▸ **Exercise directions**
Type out the lines below exactly, from the first through the line holding "Figure 7: Campylopus", and include no pictures.

▸ **Dataset records**
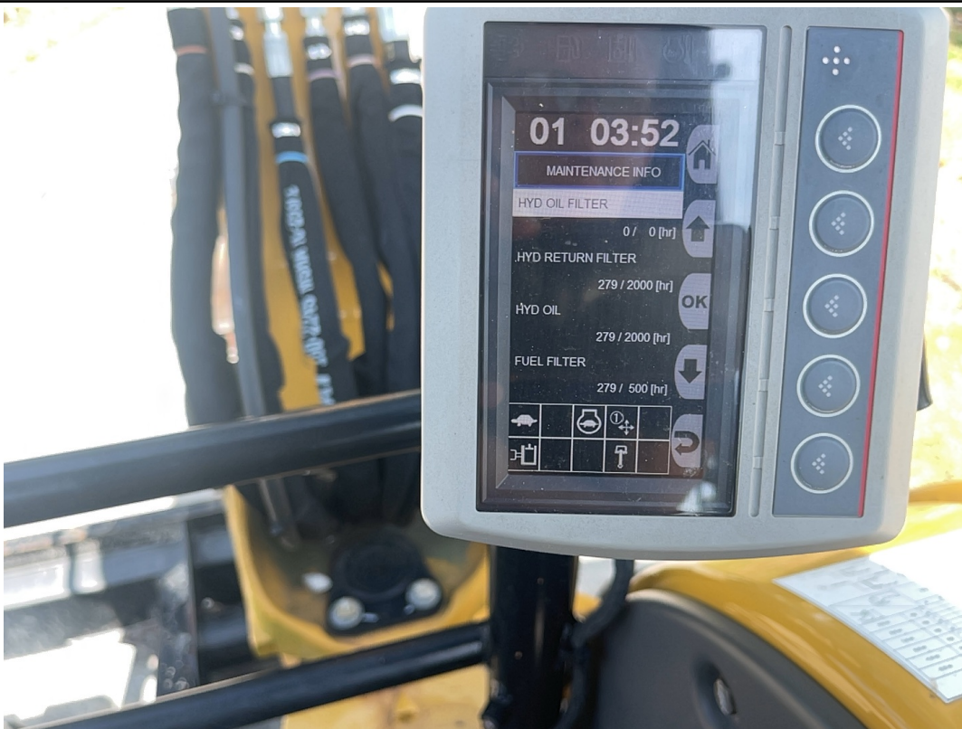
Engine Hours / 04-04-2024
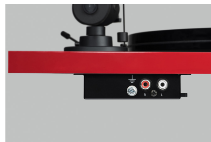
Switchable line or phono output
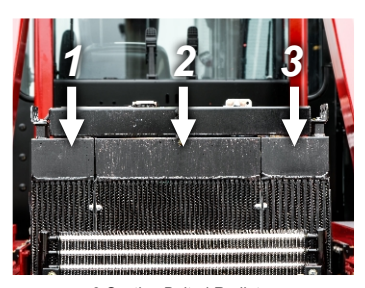
3-Section Bolted Radiator (Each section can be serviced separately)
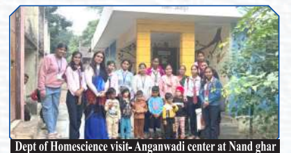
Dept of Homescience visit- Anganwadi center at Nand ghar
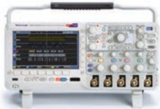
MSO2024B Mixed Signal Oscilloscope 200 MHz, 4 analog + 16 digital channels

Each demo kit includes the standard probes and accessories for the instrument, a documentation CD, demo board or test target, and a detailed instructional guide.
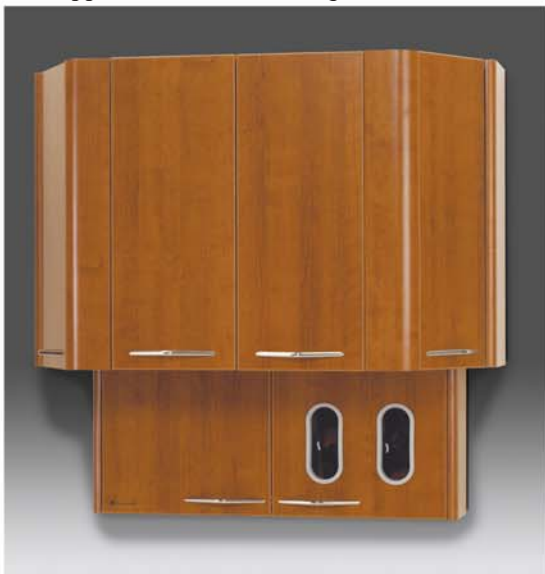
E-2 Upper Wall Mount Storage Unit ▼
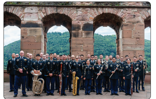
The Oregon Army National Guard’s 234th Army Band gather for a group photo after a concert at Heidelberg Castle in Germany, July 30, 2023.

To help battle against the threats of illicit drugs and the damage associated with the well-being of our communities, the Oregon National Guard helps “bridge the gaps” between the Department of Defense and federal, state, and local agencies across a full range of counterdrug operations. The Counter Drug Program provides direct support to law enforcement agencies, as well as community organizations – in turn, helping disrupt and deter drug production and drug trafficking in the state and other regions.
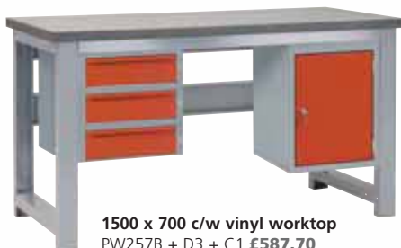
1500 x 700 c/w vinyl worktop PW257B + D3 + C1 £587.70
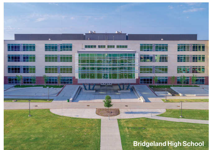
Bridgeland High School
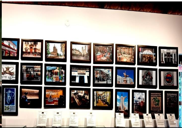
Unnamed Road, Katakari, Karnataka 571201, India

Longitude 75.71000802330673° Altitude 922 m Friday, 08.12.2023
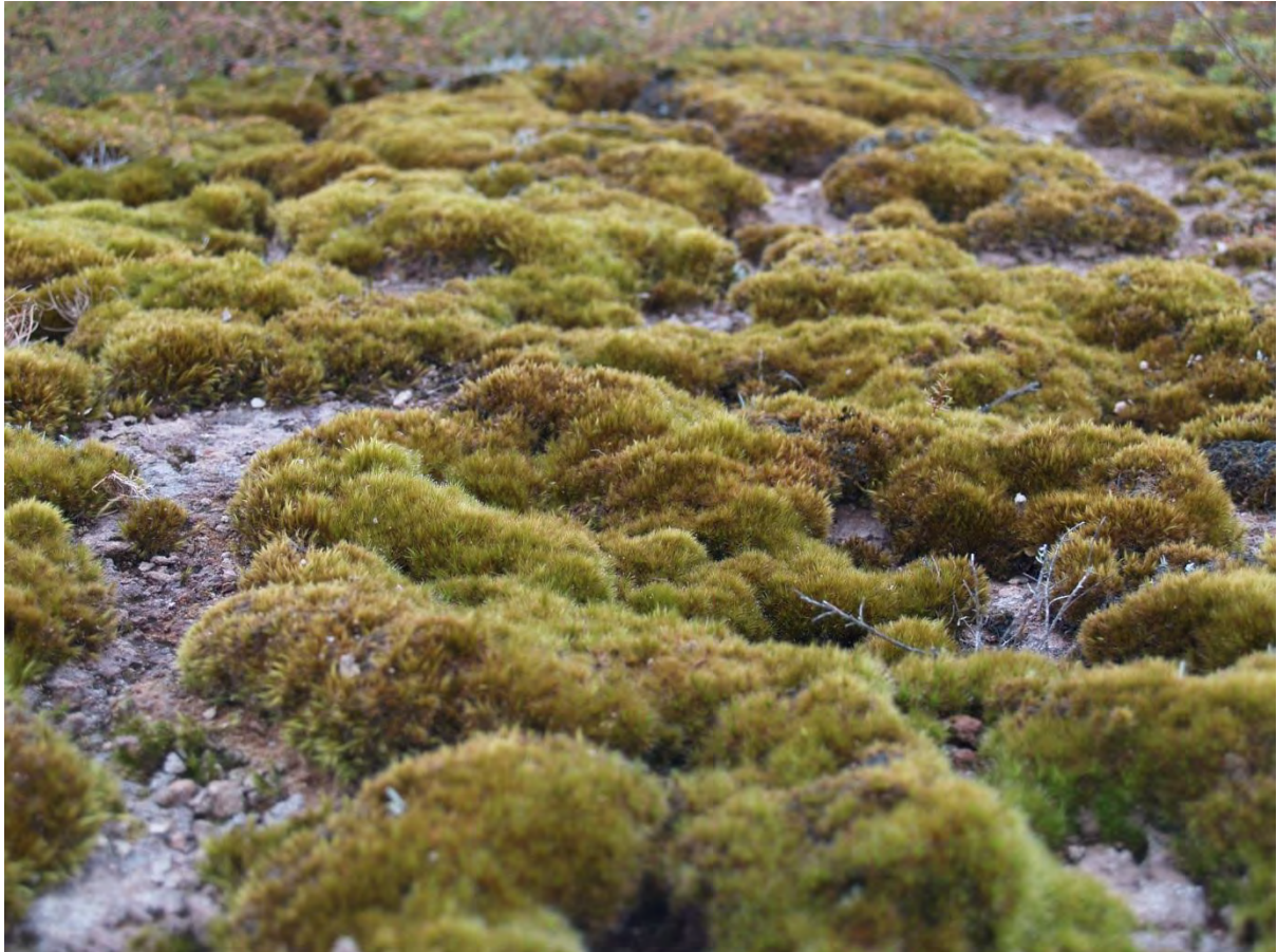
Figure 7: Campylopus pyriformis mossfield at Karapiti/Craters of the Moon, Wairakei

Occurs on very hot (average 72 °C) ground at Taheke and Wairakei (Karapiti/Craters of the Moon).
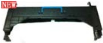
ME07-007-1165 BH363 NEW Drum unit
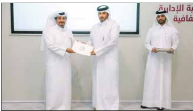
The programme combines theoretical and practical aspects in an interactive training.

It combined theoretical and practical aspects in an interactive training, in which each participant gained theoretical knowledge and practice, and where the participant is guided on how to apply this knowledge and skills in a practical way in his job, in addition to providing the trainees during the theoretical training with theories, as well as national and international standards regarding the

▸ **Output**
Engine Hours / 04-04-2024
Switchable line or phono output
3-Section Bolted Radiator (Each section can be serviced separately)
Dept of Homescience visit- Anganwadi center at Nand ghar
MSO2024B Mixed Signal Oscilloscope 200 MHz, 4 analog + 16 digital channels

Each demo kit includes the standard probes and accessories for the instrument, a documentation CD, demo board or test target, and a detailed instructional guide.
E-2 Upper Wall Mount Storage Unit ▼
The Oregon Army National Guard’s 234th Army Band gather for a group photo after a concert at Heidelberg Castle in Germany, July 30, 2023.

To help battle against the threats of illicit drugs and the damage associated with the well-being of our communities, the Oregon National Guard helps “bridge the gaps” between the Department of Defense and federal, state, and local agencies across a full range of counterdrug operations. The Counter Drug Program provides direct support to law enforcement agencies, as well as community organizations – in turn, helping disrupt and deter drug production and drug trafficking in the state and other regions.
1500 x 700 c/w vinyl worktop PW257B + D3 + C1 £587.70
Bridgeland High School
Unnamed Road, Katakari, Karnataka 571201, India

Longitude 75.71000802330673° Altitude 922 m Friday, 08.12.2023
Figure 7: Campylopus pyriformis mossfield at Karapiti/Craters of the Moon, Wairakei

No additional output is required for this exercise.